(Data for this task Opens)
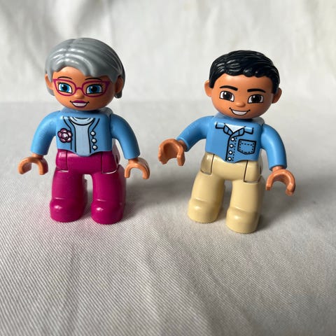 Far’en står og laver morgenmad i køkkenet. Han har mad på hylderne og på bordet. Mormor sidder og drikker kaffe og snakker med far’en.
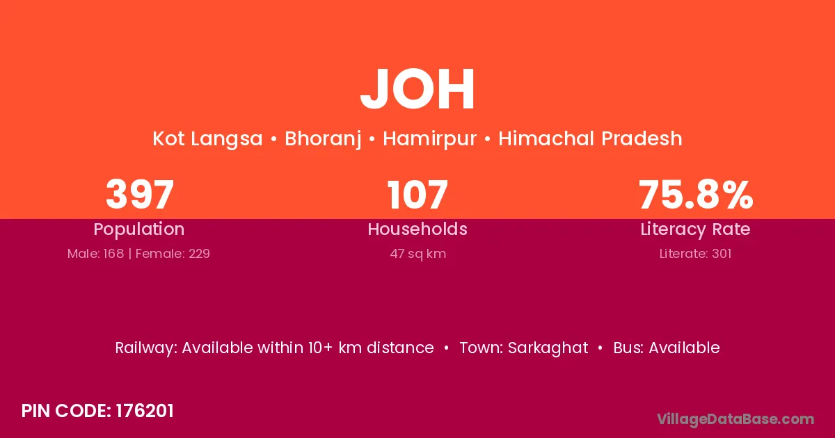 According to Census 2011 information, the village code of Joh village is 177203.
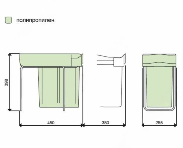 | Комплектация | корпус ведра (1 шт.), съемное ведро объемом 20 л (1 шт.), разделитель ведра (1шт), крышка (1 шт.), крепление к каркасу (1 комплект.), крепление к фасаду (1 комплект.), шуруп Ø4 x 20 мм (10 шт.), шаблон присадки (1 шт.) |
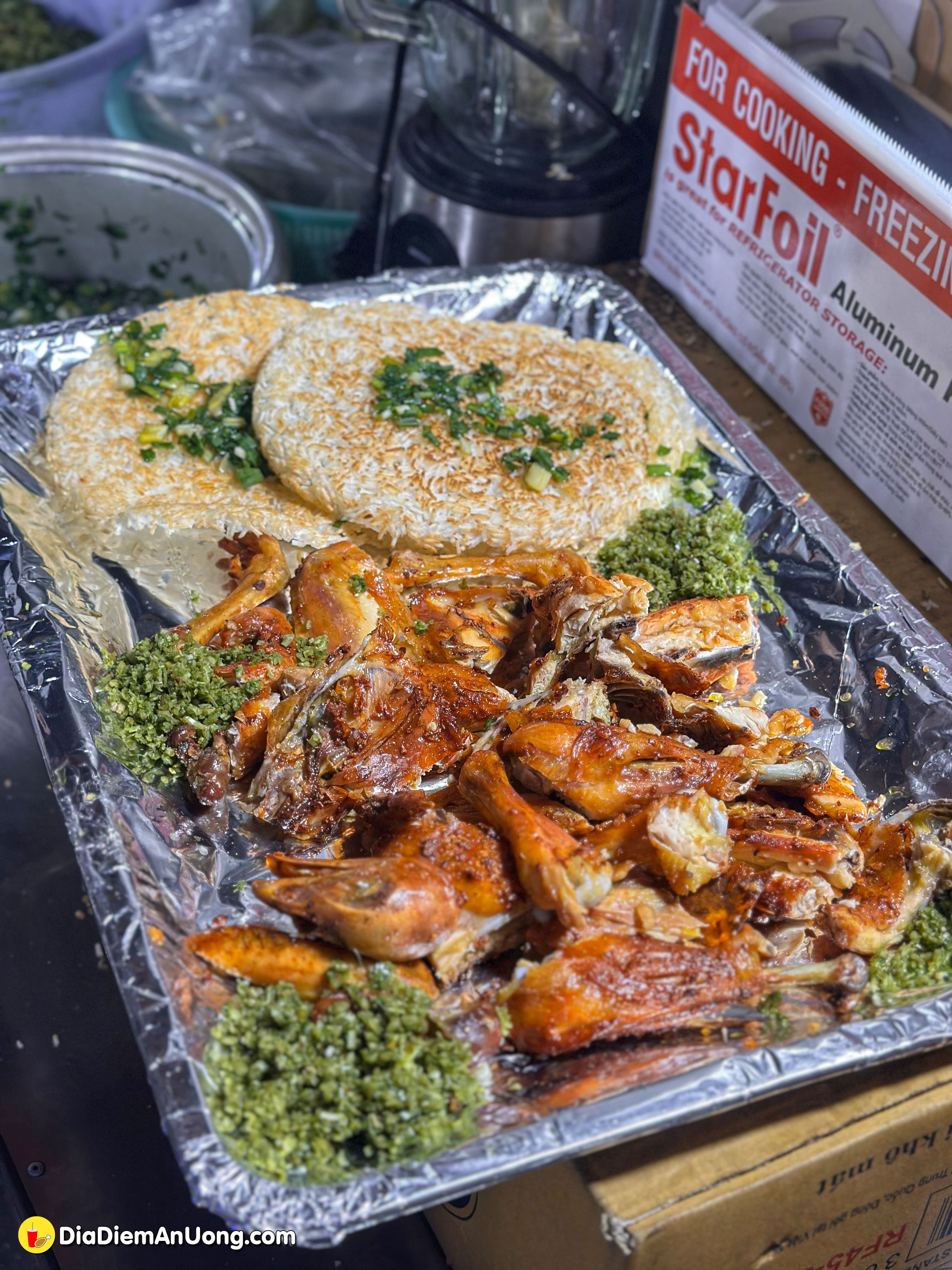 Một phần gà nướng khi bưng ra được bày trên giấy bạc, ăn kèm với cơm cháy mỡ hành, đồ chua và tất nhiên là không thể thiếu bát muối sả thần thánh.
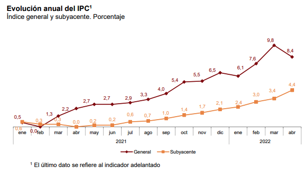 Todo sube. Los precios industriales pulverizan cualquier récord histórico de precios, el recibo de la luz sigue por las nubes, la cesta de la compra acelerada y, por lo que sabemos, los salarios se están disparando, lo que, en términos económicos suponen un acelerador de la inflación. Pese a esta realidad, el IPC adelantado que ofrece el Instituto Nacional de Estadística correspondiente al mes de abril modera el indicador del 9,8% que registró en marzo al 8,4%.
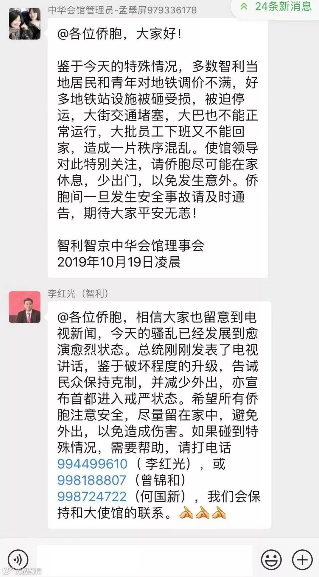 中国驻智使馆提醒在智中国公民保持警惕,加强安全防范和应急准备,避免夜间出行,确保人身安全,并公布系列紧急联系电话。通报称,如遇紧急情况,请立即报警并与使馆联系。
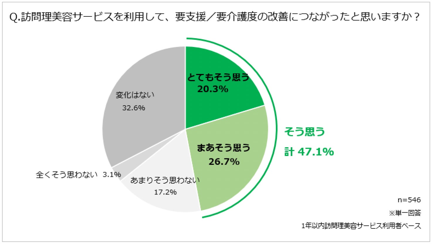 直近1年以内の訪問理美容サービス利用率が上昇し、28.0%へ。利用者家族の47.1%が訪問理美容サービスによる介護状態の改善を実感
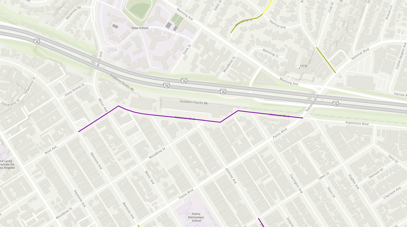 StreetsLA’s online repaving map shows, for Fiscal Year 2023-24, a planned half-mile repaving of National from Palms Boulevard to Mentone Avenue – just west of the Metro E Line Palms Station. MP2035 designated this street to receive bikeway upgrades: existing unprotected bike lanes would become protected lanes. (MP2035 also designates this part of National as a Pedestrian Enhanced District, and the city did install new sidewalks where there had been a gap.)
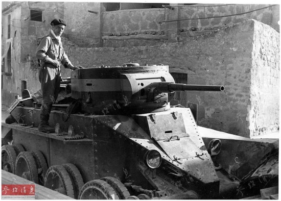 苏联以志愿兵的名义派来了3000人,其中飞行员就多达1000人。图为苏联顾问和苏联为西班牙政府军提供的坦克。
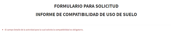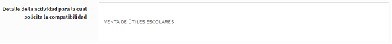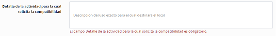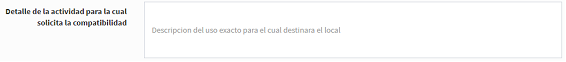 En el campo “Detalle de la actividad para la cual solicita la compatibilidad”, debe ingresar la descripción del uso exacto para el cual destinará el local.
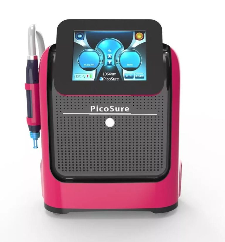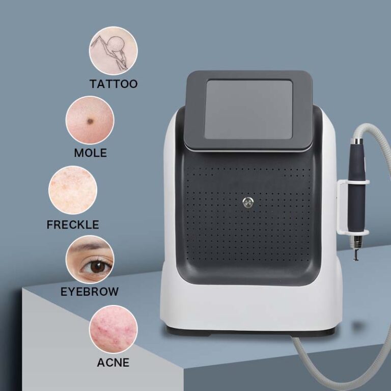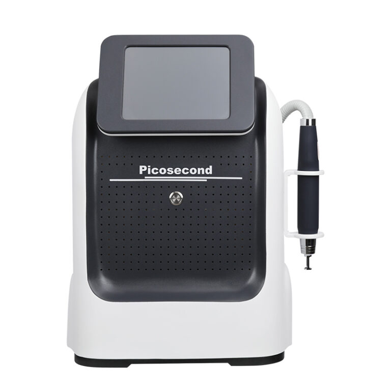 Professional portable picosecond Q-Switched laser machine for tattoo removal, pigmentation reduction, and skin rejuvenation using advanced pico and diode laser technology.
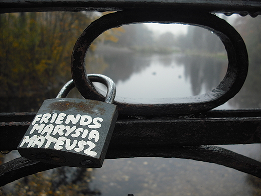 Warszawa. Kłódka na mostku w Parku Ujazdowskim.
(Data for this task Closes)
**Task goal**
Each entry should be copied exactly as written, though any pictures stay out.

**Exercise answer**
 Far’en står og laver morgenmad i køkkenet. Han har mad på hylderne og på bordet. Mormor sidder og drikker kaffe og snakker med far’en.
 According to Census 2011 information, the village code of Joh village is 177203.
 | Комплектация | корпус ведра (1 шт.), съемное ведро объемом 20 л (1 шт.), разделитель ведра (1шт), крышка (1 шт.), крепление к каркасу (1 комплект.), крепление к фасаду (1 комплект.), шуруп Ø4 x 20 мм (10 шт.), шаблон присадки (1 шт.) |
 Một phần gà nướng khi bưng ra được bày trên giấy bạc, ăn kèm với cơm cháy mỡ hành, đồ chua và tất nhiên là không thể thiếu bát muối sả thần thánh.
 Todo sube. Los precios industriales pulverizan cualquier récord histórico de precios, el recibo de la luz sigue por las nubes, la cesta de la compra acelerada y, por lo que sabemos, los salarios se están disparando, lo que, en términos económicos suponen un acelerador de la inflación. Pese a esta realidad, el IPC adelantado que ofrece el Instituto Nacional de Estadística correspondiente al mes de abril modera el indicador del 9,8% que registró en marzo al 8,4%.
 中国驻智使馆提醒在智中国公民保持警惕,加强安全防范和应急准备,避免夜间出行,确保人身安全,并公布系列紧急联系电话。通报称,如遇紧急情况,请立即报警并与使馆联系。
 直近1年以内の訪問理美容サービス利用率が上昇し、28.0%へ。利用者家族の47.1%が訪問理美容サービスによる介護状態の改善を実感
 StreetsLA’s online repaving map shows, for Fiscal Year 2023-24, a planned half-mile repaving of National from Palms Boulevard to Mentone Avenue – just west of the Metro E Line Palms Station. MP2035 designated this street to receive bikeway upgrades: existing unprotected bike lanes would become protected lanes. (MP2035 also designates this part of National as a Pedestrian Enhanced District, and the city did install new sidewalks where there had been a gap.)
 苏联以志愿兵的名义派来了3000人,其中飞行员就多达1000人。图为苏联顾问和苏联为西班牙政府军提供的坦克。
 En el campo “Detalle de la actividad para la cual solicita la compatibilidad”, debe ingresar la descripción del uso exacto para el cual destinará el local.
 Professional portable picosecond Q-Switched laser machine for tattoo removal, pigmentation reduction, and skin rejuvenation using advanced pico and diode laser technology.
 Warszawa. Kłódka na mostku w Parku Ujazdowskim.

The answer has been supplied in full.